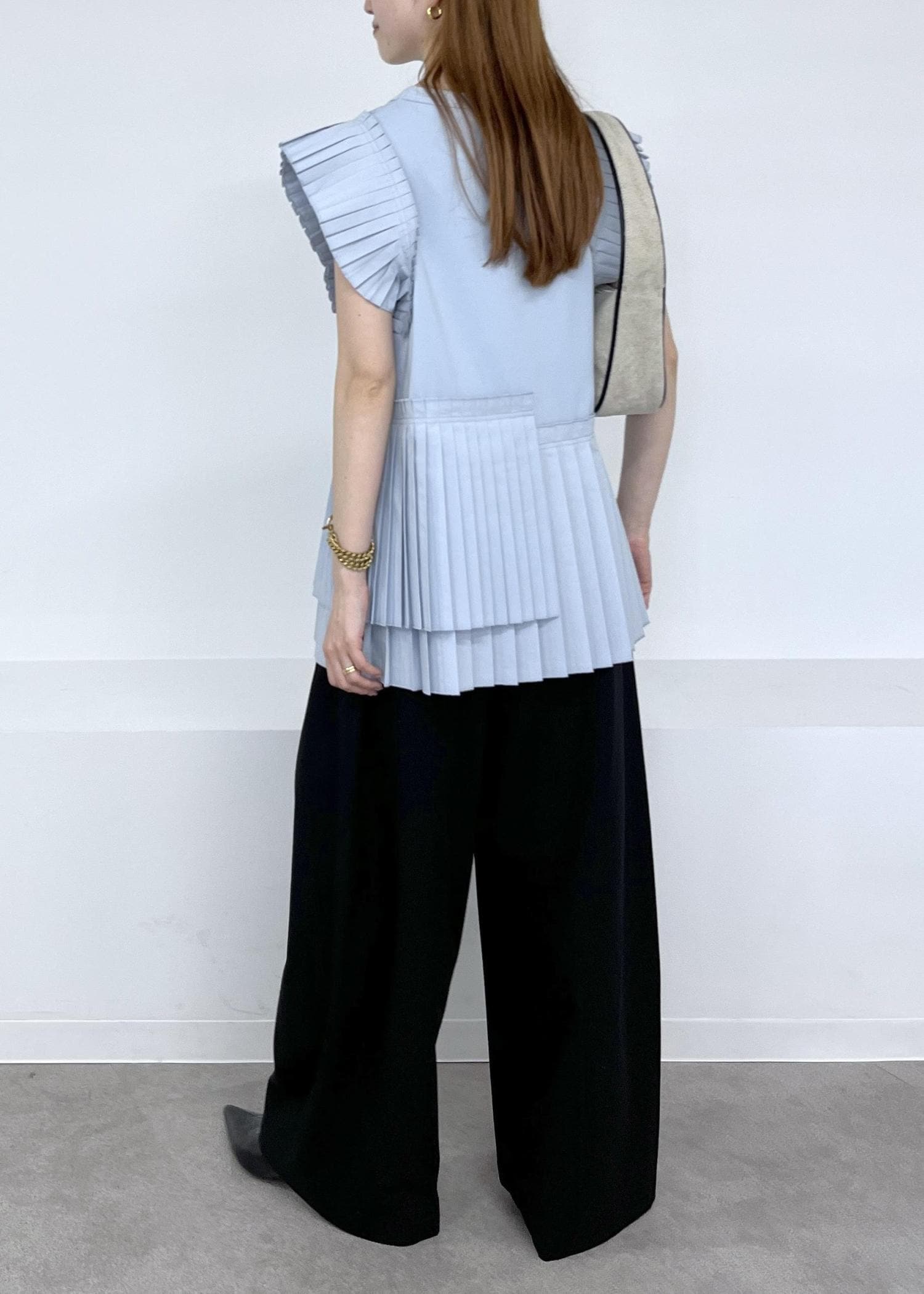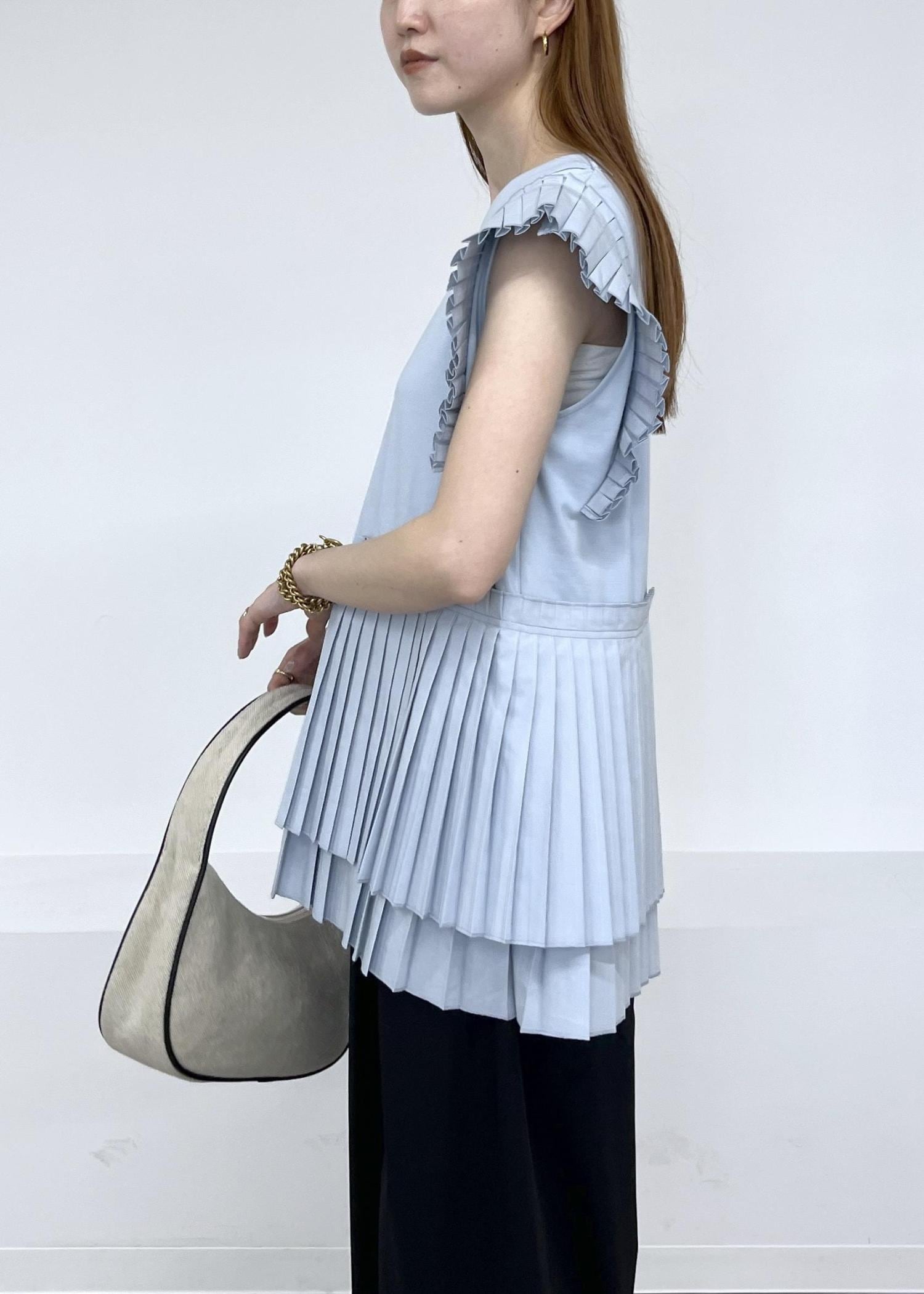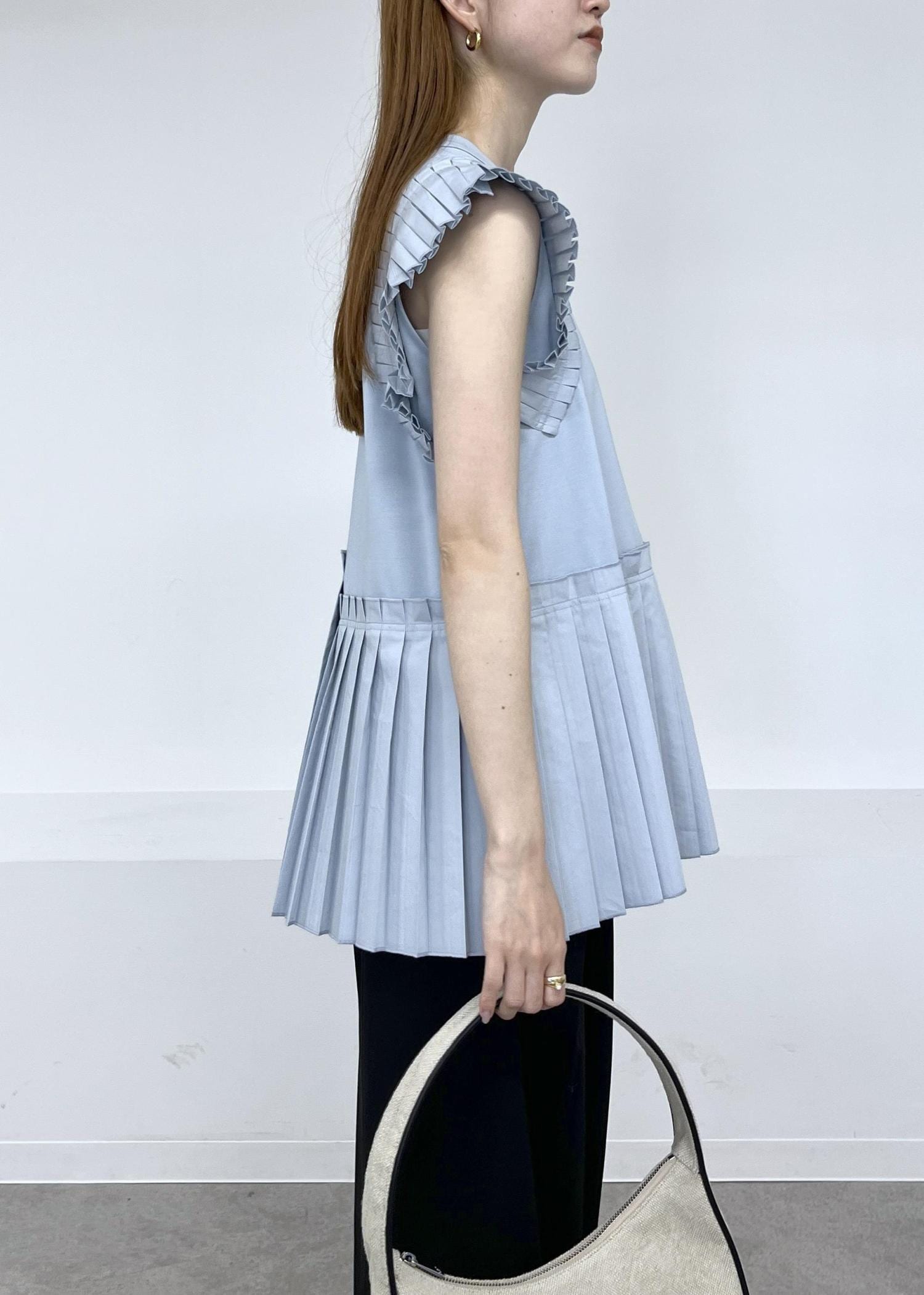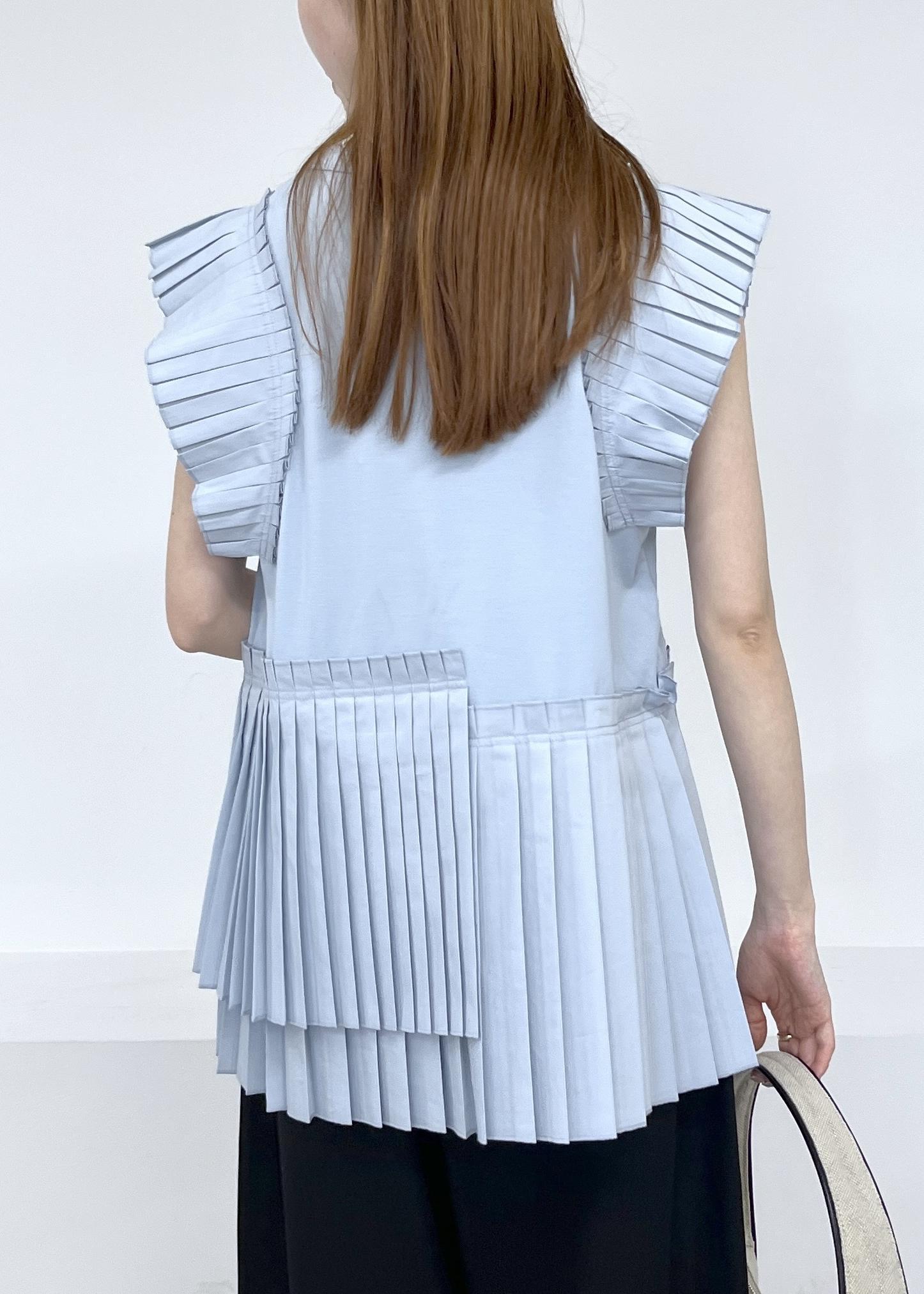 アウトレットADAM ET ROPÉ FEMME【サステナブル】プリーツコンビプルオーバーサックス / F¥5,720レビューサラッと着られる素材感で、ノースリーブのような形なので夏でも涼しく快適に◎袖にプリーツがついていることで程よく二の腕をカバーしてくれます。着丈はおしりが隠れるくらいの長さです。
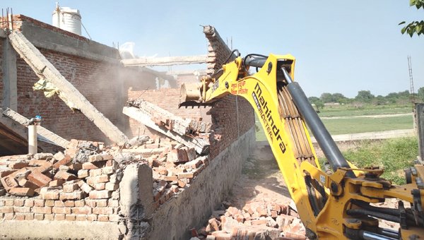 वृंदावन में फिर गरजा योगी बाबा का बुल्डोजर , पक्के मकान तोड़े
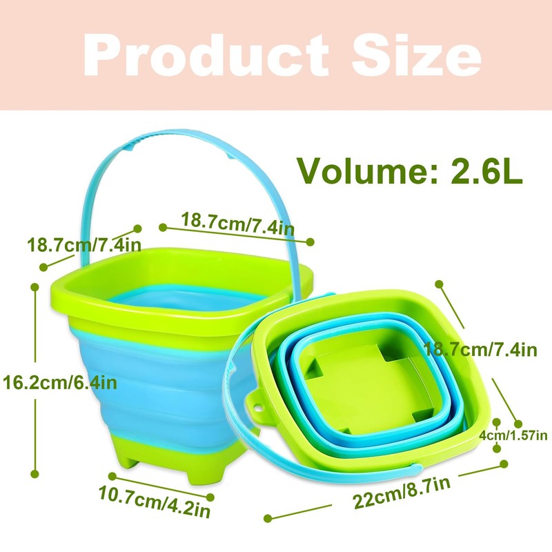 - 【MULTIFUNCTIONAL BUCKET AND SPADE】Beach toys can be used indoors or outdoors, which is very suitable for beach parties, summer parties, travel, camping, fishing, picnics, home washing, outdoor cool drinks, fruit picking, snow, water splashing, party gifts, etc. The maximum capacity of each bucket is 2.6L. It is a must-have for summer beaches!
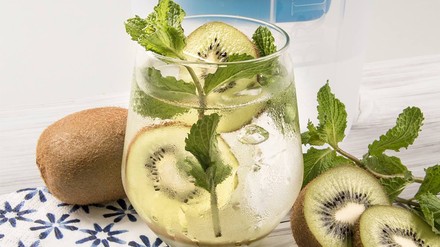 Kiwi und Minze harmonieren nicht nur farblich. Die Kombination aus fruchtigen und frischen Aromen erfrischt einfach herrlich. Für einen Liter Wasser drei Kiwis schälen und in Scheiben schneiden. Dann eine Handvoll Minzblätter Waschen und beides ins Wasser geben. Einige Zeit ziehen lassen und kalt genießen.
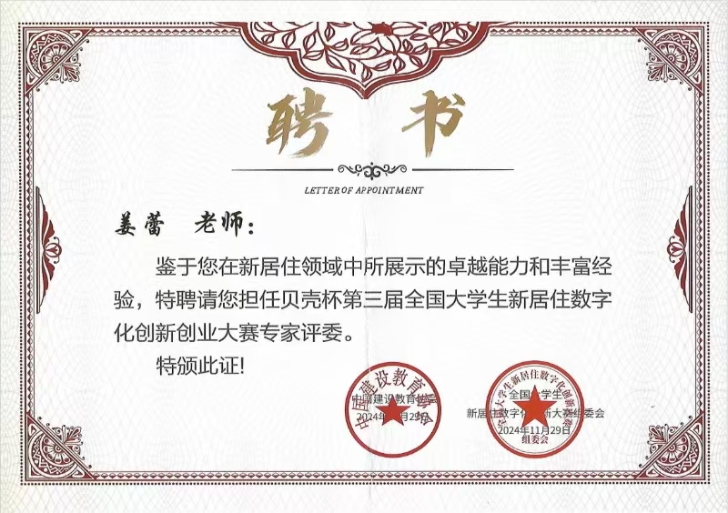 11月30日,由中国建设教育协会主办、华中师范大学承办的“贝壳杯”第三届全国大学生新居住数字化创新创业大赛在武汉举办,新葡萄官网教师姜蕾被聘为大赛专家评委。
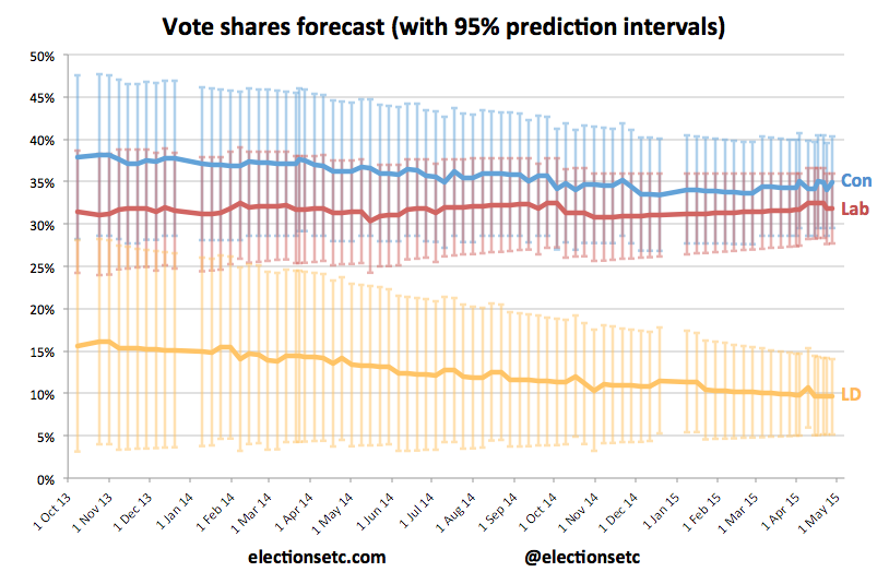 Forecast GB Vote Shares (with 95% Prediction Intervals)
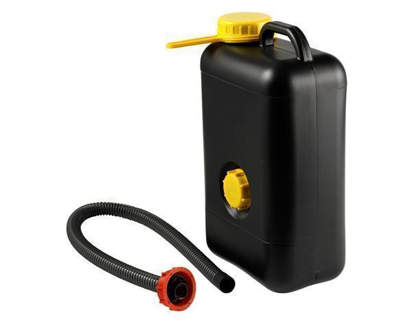 Spildevandsdunk 19 liter med tilslutningsstykke til campingvognens afløb.
====
ABOUT THIS TASK
A verbatim copy of the data, pictures removed, is the expected result.

RESPONSE FOR THIS EXERCISE
 アウトレットADAM ET ROPÉ FEMME【サステナブル】プリーツコンビプルオーバーサックス / F¥5,720レビューサラッと着られる素材感で、ノースリーブのような形なので夏でも涼しく快適に◎袖にプリーツがついていることで程よく二の腕をカバーしてくれます。着丈はおしりが隠れるくらいの長さです。
 वृंदावन में फिर गरजा योगी बाबा का बुल्डोजर , पक्के मकान तोड़े
 - 【MULTIFUNCTIONAL BUCKET AND SPADE】Beach toys can be used indoors or outdoors, which is very suitable for beach parties, summer parties, travel, camping, fishing, picnics, home washing, outdoor cool drinks, fruit picking, snow, water splashing, party gifts, etc. The maximum capacity of each bucket is 2.6L. It is a must-have for summer beaches!
 Kiwi und Minze harmonieren nicht nur farblich. Die Kombination aus fruchtigen und frischen Aromen erfrischt einfach herrlich. Für einen Liter Wasser drei Kiwis schälen und in Scheiben schneiden. Dann eine Handvoll Minzblätter Waschen und beides ins Wasser geben. Einige Zeit ziehen lassen und kalt genießen.
 11月30日,由中国建设教育协会主办、华中师范大学承办的“贝壳杯”第三届全国大学生新居住数字化创新创业大赛在武汉举办,新葡萄官网教师姜蕾被聘为大赛专家评委。
 Forecast GB Vote Shares (with 95% Prediction Intervals)
 Spildevandsdunk 19 liter med tilslutningsstykke til campingvognens afløb.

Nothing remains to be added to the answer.